**What to do**
Since the records include pictures, leave those out while you reproduce exactly and only the lines from the one containing "- 左右いずれかのロック解除" through the one containing "T750 Проводная клавиатура", inclusive.

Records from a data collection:
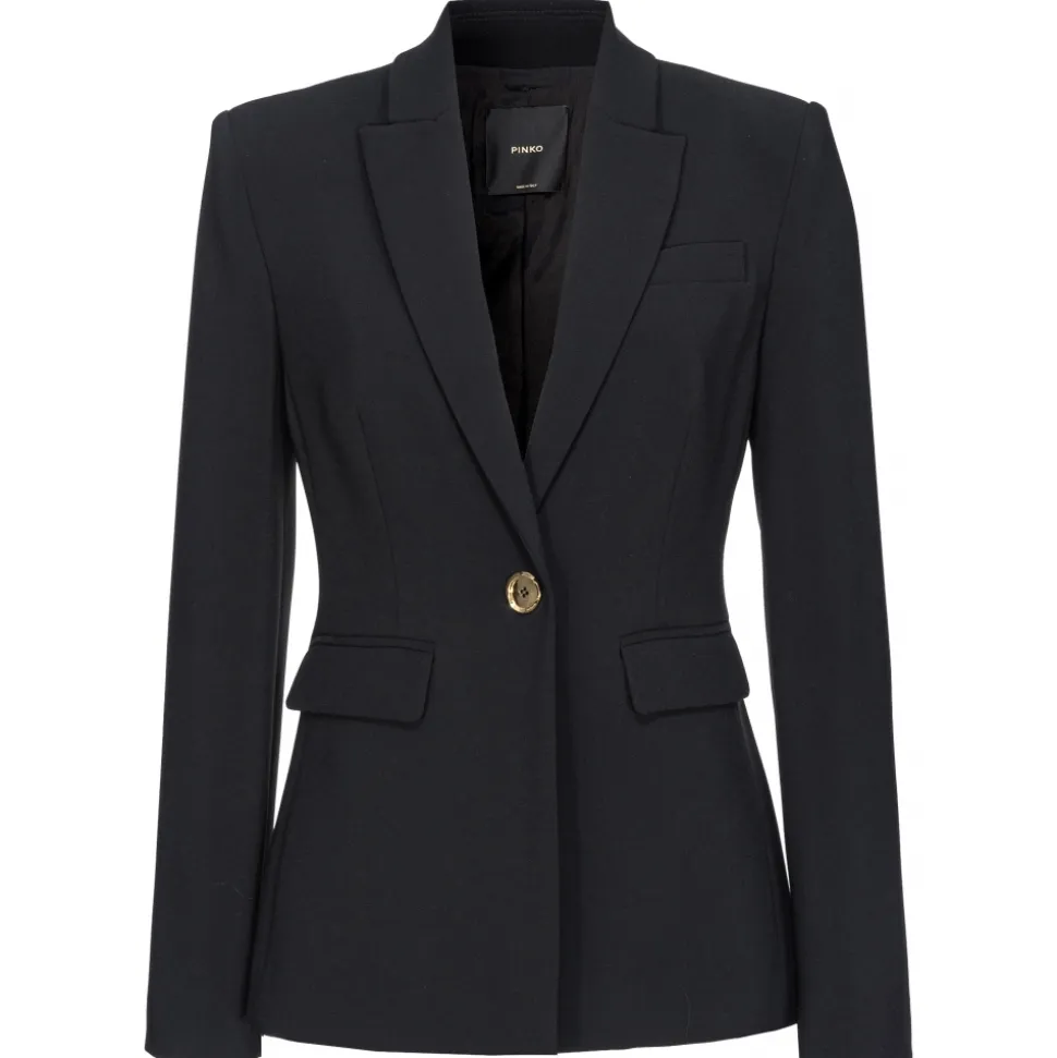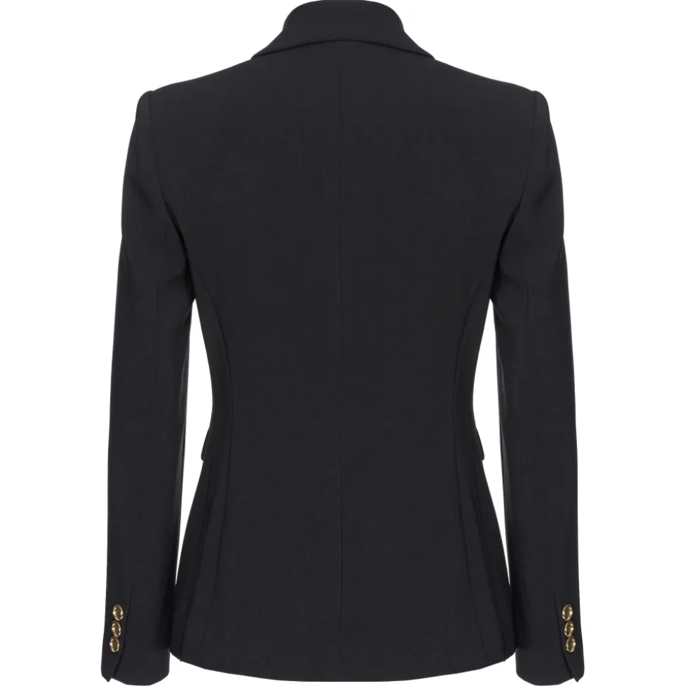 Pinko – Stretch Crepe Fabric Single breasted Blazer – Black – Jackets – Made in Italy – Luxury Exclusive Collection
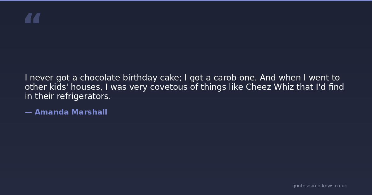 I never got a chocolate birthday cake; I got a carob one. And when I went to other kids' houses, I was very covetous of things like Cheez Whiz that I'd find in their refrigerators.
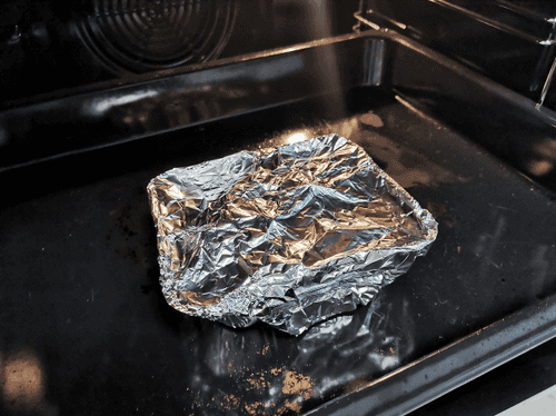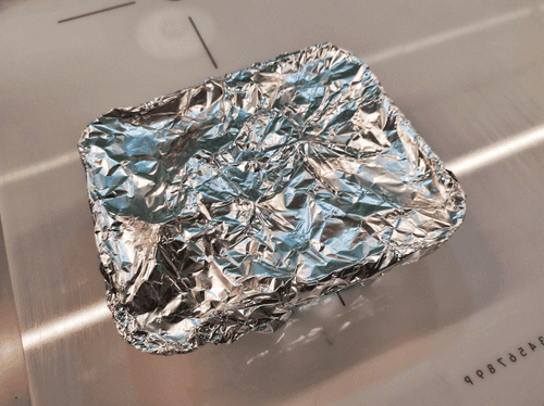 Накрыть сверху фольгой — глянцевой стороной вниз.
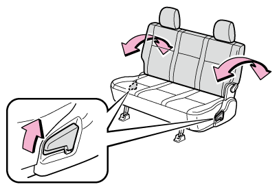 - 左右いずれかのロック解除レバーを引いて、シート脚部のロックを解除し、セカンドシート後部を持ち上げる
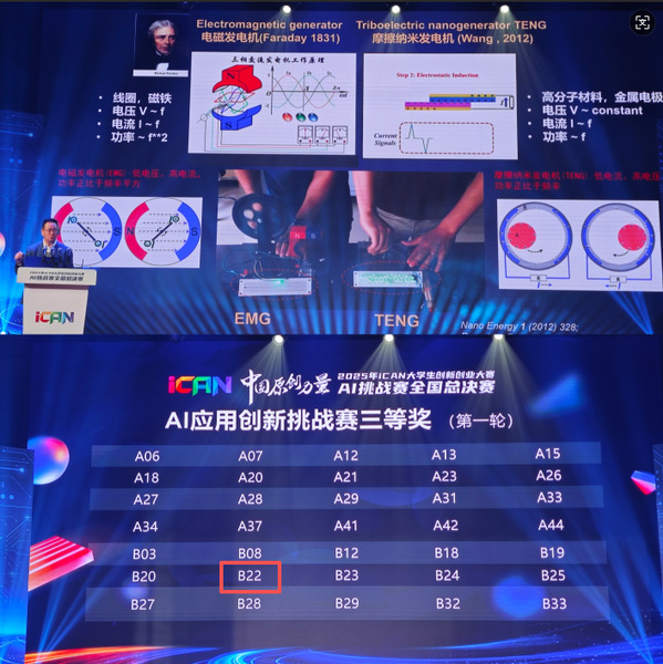 28日上午,闭幕式暨颁奖仪式在无锡公司滨江大礼堂举行。团队成员认真听取中国科公司院士王中林的《TENG:人工智能时代的能源与传感》报告。王中林院士指出,摩擦纳米发电机(TENG)是支撑人工智能与物联网时代的关键原创技术。它基于摩擦起电效应,可将人体运动、环境振动等分散的机械能转化为电能,为海量微纳器件提供“自驱动”能源。同时,TENG自身就是智能传感器,能实时感知压力、运动等信息,与AI结合,可赋能智能健康、人机交互等广泛领域,是未来分布式能源与传感网络的基石。随后,大赛结果公布,“电小智——电力智能运维一体化平台”项目获2025年iCAN老员工创新创业大赛AI挑战赛全国三等奖。
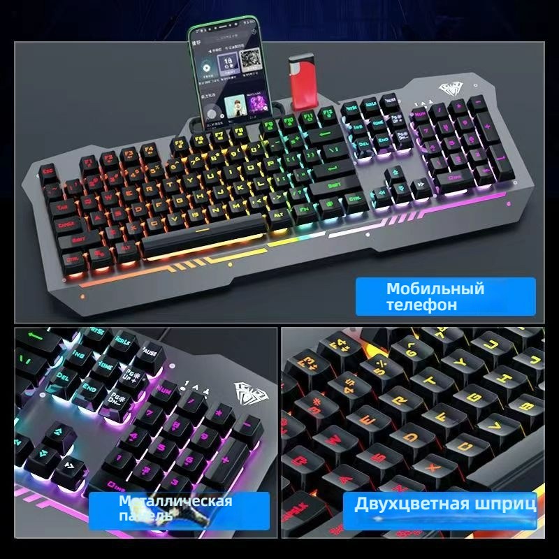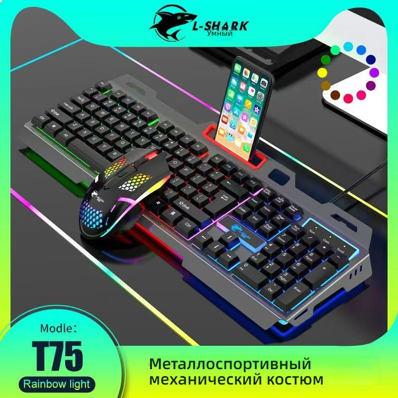 T750 Проводная клавиатура и мышь с подсветкой Игровая клавиатура и мышь в комплекте с подсветкой и механическим сенсором информация:
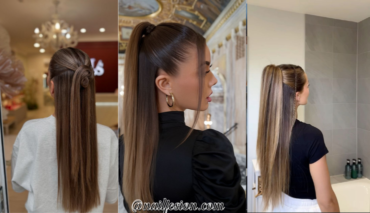This sleek straight style is perfect if you want a clean and polished look. In this half up half down hairstyles for long hairs idea, tum straighten your hair fully and pull the top section back tightly. It gives a smooth, shiny finish that looks super modern and chic. This hairstyle is perfect for formal events, office looks, or classy outings. It’s trending because minimal and sleek styles are dominating Pinterest right now. You can wrap a strand around the hair tie for a cleaner finish. It’s simple yet powerful, making your overall look feel more put-together instantly.
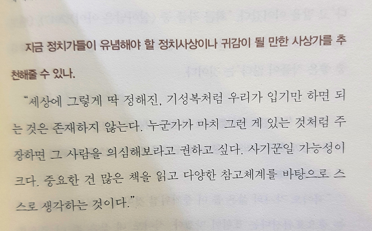 -자신 있고 겸소한 학자보다 자신 없고 무례한 학자가 많은 것이 대학 사회입니다. 인기 교수나 정치교수는 예외 없이 허학자들입니다. 자신에 대한 믿음은 역사의식에서 나옵니다. 젊은 교수들이 주류에 서서 쉽게 인정받기보다는 역사의식을 가지고 비주류에 서서 자기 자신의 고유한 길을 완강하게 걸어 나가기 바랍니다(p136) .
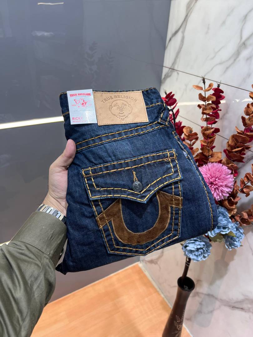 True Religio n Blue Shade Premium Imported Stretchable Lycra Fabric Boot Cut Denim with Embroidered Design 3144

**Worked solution**
 - 左右いずれかのロック解除レバーを引いて、シート脚部のロックを解除し、セカンドシート後部を持ち上げる
 28日上午,闭幕式暨颁奖仪式在无锡公司滨江大礼堂举行。团队成员认真听取中国科公司院士王中林的《TENG:人工智能时代的能源与传感》报告。王中林院士指出,摩擦纳米发电机(TENG)是支撑人工智能与物联网时代的关键原创技术。它基于摩擦起电效应,可将人体运动、环境振动等分散的机械能转化为电能,为海量微纳器件提供“自驱动”能源。同时,TENG自身就是智能传感器,能实时感知压力、运动等信息,与AI结合,可赋能智能健康、人机交互等广泛领域,是未来分布式能源与传感网络的基石。随后,大赛结果公布,“电小智——电力智能运维一体化平台”项目获2025年iCAN老员工创新创业大赛AI挑战赛全国三等奖。
 T750 Проводная клавиатура и мышь с подсветкой Игровая клавиатура и мышь в комплекте с подсветкой и механическим сенсором информация:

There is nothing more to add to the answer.